Emacs Internal #01: is a Lisp Runtime in C, Not an Editor

February 26, 2026 [c, project, compiler, emacs] #c #system-design #history #lisp #compiler

I tried to move to an LLM-friendly platform like VSCode or Cursor, but I kept returning to GNU Emacs. After reading other users' stories, I realized this is a common pattern. Very few tools survive 40 years and still feel hard to leave.
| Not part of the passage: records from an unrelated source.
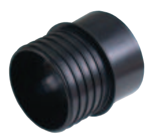
Stock number JW 1047 Machine port, \varnothing 100 mm
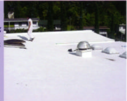
4. Completed roof with ceramic coating
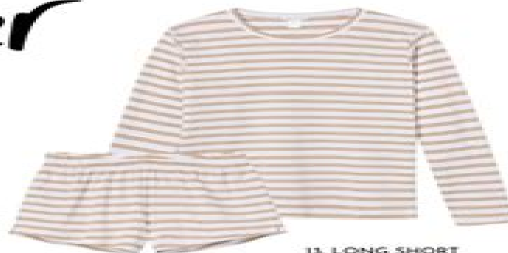
13. LONG SHORT PAJAMA SET

I read parts of the source code and discovered that Emacs is not just a code editor. There is design philosophy, system software trade-offs, and code that still feels like a treasure today. I want to record some personal discoveries that might be worth sharing.

Before we dive into the implementation, here is the "why" and the history I looked up.

The Church: why people cannot leave GNU Emacs

Starting with the long-standing joke:

Emacs, "a great operating system, lacking only a decent editor" -- Editor War

Joshua Blias's Returning to the Church (of Emacs) is a true story about switching to Neovim and coming back to GNU Emacs.

Here are common reasons why, in this modern world, people still use GNU Emacs, from a Reddit post.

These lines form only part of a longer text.